Espina, cuento incluido en el libro “Nube” de Rodrigo Villegas

Espina

 A mi abuelo, a su tierra, a su historia. A su sangre, que ahora es la mía.

  I

            Come. Se lleva pedazos de pescado a la boca. Pejerrey. Carne blanca, algodón salado. Retira los huesos plateados de sus labios y los tira en un recipiente rojo de plástico encima de la mesa, al lado de su plato y el de sus hijos. Dentro: huesos, cáscaras de postre y de papa.

            Come. No levanta la cabeza del plato. Come. No respira. Se apura, como si detrás hubiera otro como él, hambriento, esperando a que se distraiga para robarle el mote, el fideo, la papa, el postre y el pescado. Come. Transpira. Los dorsales de su nariz, su frente y parte delantera de sus cabellos: aguanosos. Sudor. Come. No responde a las preguntas de su hijo, al llanto de su hija, a la recriminación de su mujer. Come.

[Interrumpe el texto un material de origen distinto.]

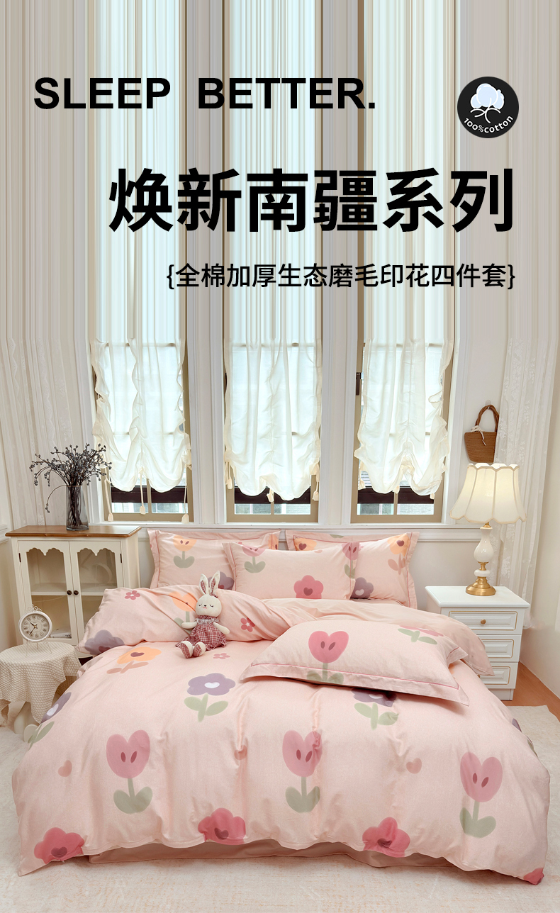 当前位置: 91家纺网 > 商品网购 > 床品套件 > 四件套 > 全棉普通四件套 > 未来家居 2025新款焕新南疆秋冬全棉加厚磨毛纯色印花四件套 乐滢

            Una espina. Una pequeña escarcha afiligranada se incrusta en algún rincón de su laringe, al interior de su cuello grueso y moreno. El tiempo se detiene, las voces no se escuchan en sus ojos desorbitados, en sus cachetes escarlata, morados, azules. El sonido que sale por su boca es un gemido lloroso, inentendible.

            Los hijos, la esposa, los comensales, a los que ha visto por primera y última vez en las mesas de madera sucias de aquel mercado, las vendedoras de papa, de lechuga, de tomate, de cebolla lo observan con miedo, inquietos de que, una vez más, la extinción se haga carne en el cuerpo de un parroquiano, de un habitante de la zona, de, en este caso, un chofer de minibús, un padre, un esposo y un trabajador. Pero lo que los pasivos espectadores, entre ellos sus hijos y su mujer, no saben de aquel hombre fofo y moreno es que es, también, un asesino. El homicida sanguíneo, el derrochador de la sangre heredada, del apellido con el que vive y que le ha dado a sus hijos.

            Come.

II

            El pasado, los recuerdos que forman el sueño que hoy te nubla el cerebro adormecido, falto de aire. Te mueres. Te mueres.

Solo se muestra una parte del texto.